This repo contains a text fabric dataset of the Ugaritic text corpus. It is work in progress.
This dataset is developed as part of the CACCHT project, which is a collaboration of Christian Canu Højgaard, Martijn Naaijer, Martin Ehrensvärd, Robert Rezetko, Oliver Glanz, and Willem van Peursen.

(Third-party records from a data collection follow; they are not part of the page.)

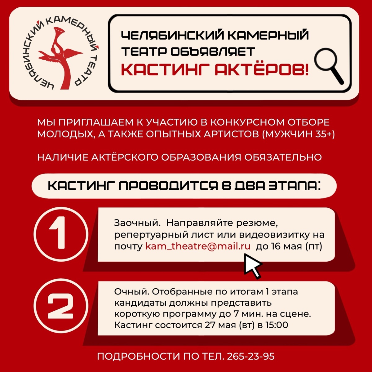 на официальную почту театра до 16 мая 2025 года - kam_theatre@mail.ru
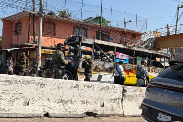 Posteriormente los pistoleros rociaron gasolina y le prendieron fuego al camión urbano.
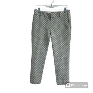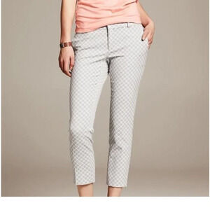 Banana Republic Hampton Pant Women 4P Gray White Geometric Print Crop Dress Pant
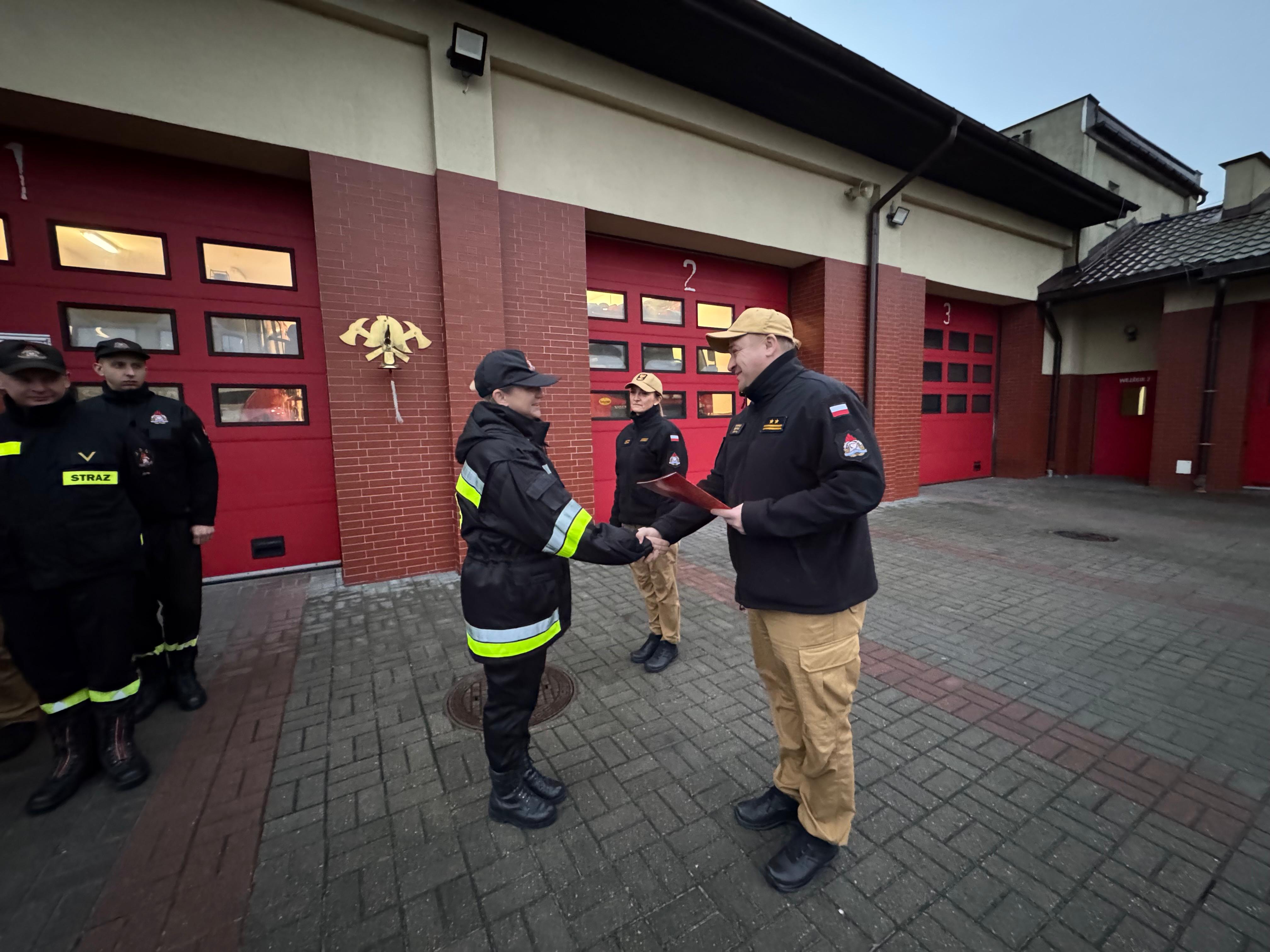 Podczas uroczystej zmiany służby Komendant Powiatowy PSP w Rypinie, bryg. Dariusz Łęgosz przekazał funkcjonariuszce list gratulacyjny, wyrażając serdeczne życzenia oraz słowa uznania i podziękowania za wzorowe wykonywanie obowiązków służbowych oraz godne reprezentowanie Państwowej Straży Pożarnej.
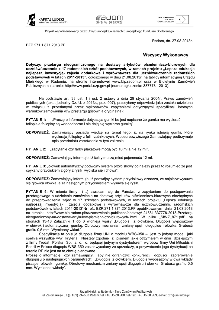 Projekt współfinansowany przez Unię Europejską w ramach Europejskiego Funduszu Społecznego Radom, dn. 27.08.2013r. BZP.271.1.871.2013.PF Wszyscy Wykonawcy Dotyczy: przetargu nieograniczonego na dostawę artykułów piśmienniczo-biurowych dla uczniów/uczennic z 17 radomskich szkół podstawowych, w ramach projektu „Lepsza edukacja najlepszą inwestycją- zajęcia dodatkowe i wyrównawcze dla uczniów/uczennic radomskich podstawówek w latach 2011-2013”, ogłoszonego w dniu 21.08.2013r. na tablicy informacyjnej Urzędu Miejskiego w Radomiu, na stronie internetowej www.bip.radom.pl oraz w Biuletynie Zamówień Publicznych na stronie: http://www.portal.uzp.gov.pl (numer ogłoszenia: 337778 - 2013). Na podstawie art. 38 ust. 1 i ust. 2 ustawy z dnia 29 stycznia 2004r. Prawo zamówień publicznych (tekst jednolity Dz. U. z 2013r., poz. 907), przesyłamy odpowiedź jaka została udzielona w związku z przesłanymi przez wykonawców zapytaniami dotyczącymi specyfikacji istotnych warunków zamówienia w/w przetargu (pisownia oryginalna): PYTANIE 1: „Proszę o informacje dotycząca gumki bo jest napisane że gumka ma wycierać foliopis a foliopisy są wodoodporne i nie dają się wycierać gumką”. ODPOWIEDŹ: Zamawiający posiada wiedzę na temat tego, iż na rynku istnieją gumki, które wycierają foliopisy z folii rzutnikowych. Wobec powyższego Zamawiający podtrzymuje opis przedmiotu zamówienia w tym zakresie. PYTANIE 2: „zapytanie czy farby plakatowe mogą być 10 ml a nie 12 ml”. ODPOWIEDŹ: Zamawiający informuje, iż farby muszą mieć pojemność 12 ml. PYTANIE 3: „ołówek automatyczny podwójny system przyciskowy co należy przez to rozumieć że jest cpykany przyciskiem z góry z rysik wyciska się i chowa”. ODPOWIEDŹ: Zamawiający informuje, iż podwójny system przyciskowy oznacza, że najpierw wysuwa się głowica ołówka, a za następnym przyciśnięciem wysuwa się rysik. PYTANIE 4: W mieniu firmy (…) zwracam się do Państwa z zapytaniem do postępowania przetargowego o udzielenie zamówienia na dostawę artykułów piśmienniczo-biurowych niezbędnych do przeprowadzenia zajęć w 17 szkołach podstawowych, w ramach projektu „Lepsza edukacja najlepszą inwestycjązajęcia dodatkowe i wyrównawcze dla uczniów/uczennic radomskich podstawówek w latach 2011-2013”Nr ref.: BZP.271.1.871.2013.PF opublikowanym dnia 21.08.2013 na stronie: http://www.bip.radom.pl/ra/zamowienia-publiczne/dostawy/ 24581,337778-2013-Przetargnieograniczony-na-dostawe-artykulow-pismienniczo-biurowych-.html. W pliku „SIWZ_871.pdf” na stronach 13-18 Załączniki 1 do 6 widnieją wpisy „Długopis z ołówkiem. Długopis wyposażony w ołówek i automatyczną gumkę. Obrotowy mechanizm zmiany opcji długopisu i ołówka. Grubość grafitu 0,5 mm. Wymienny wkład.”. Specyfikacja ta opisuje długopis firmy UNI o modelu WBS-350 – jest to jedyny model jaki spełnia wszystkie w/w kryteria. Niestety zgodnie z pismem jakie otrzymałem w dniu dzisiejszym z firmy Trodat Polska Sp. z o. o. będącej jedynym dystrybutorem wyrobów firmy Uni Mitsubishi Pencil w Polsce długopis WBS-350 został wycofany ze sprzedaży, a przywrócenie jego dystrybucji na terenie RP nie jest na tą chwilę planowane. Proszę o informację czy zamawiający, aby nie ograniczyć konkurencji dopuści zaoferowanie długopisu o następujących parametrach: „Długopis z ołówkiem. Długopis wyposażony w dwa wkłady piszące, ołówek i gumkę. Obrotowy mechanizm zmiany opcji długopisu i ołówka. Grubość grafitu 0,5 mm. Wymienne wkłady”. Projekt współfinansowany przez Unię Europejską w ramach Europejskiego Funduszu Społecznego ODPOWIEDŹ: Zamawiający posiada wiedzę, iż na rynku dostępne są długopisy spełniające kryteria zawarte w opisie przedmiotu zamówienia dla tego artykułu. Wobec powyższego Zamawiający podtrzymuje opis przedmiotu zamówienia w tym zakresie. Z up. PREZYDENTA MIASTA Artur Ślarzyński Kierownik Biura Zamówień Publicznych

The goal of CACCHT is to prepare and publish ancient Semitic texts digitally, that can be used for research.
For this dataset, we cooperate with Tania Notarius (University of the Free State), Lynn Strietzel and Maria Simion, volunteer assistants (Polis - the Jerusalem Institute of Language and Humanities).
The following tablets of Die keilalphabetischen Texte aus Ugarit (KTU) are currently available:
- KTU 1.1-1.7
- KTU 1.14-1.22
- KTU 2.5-2.18
- KTU 2.20-2.27
- KTU 2.30-2.32
- KTU 2.34-2.44
- KTU 2.46-2.75
- KTU 2.77-2.80
- KTU 2.82-2.100
The texts are currently annotated with the following features:
- tablet: tablet title
- column: column number
- line: line number
- side: tablet side of inscription
- g_cons: a consonantal representation of each word in Latin script
- trailer: a representation of word spacing or word dividers
- language: Ugaritic
- sign: Letter in Latin script
- emen: emendations of various sorts in relation to a sign (including reconstructed, missing, excised, or redundant signs/letters)
- cert: certainty of the text in relation to a sign (corresponding to the italic of KTU)
- cont: marking of line continuation in between lines
- alt: alternative reading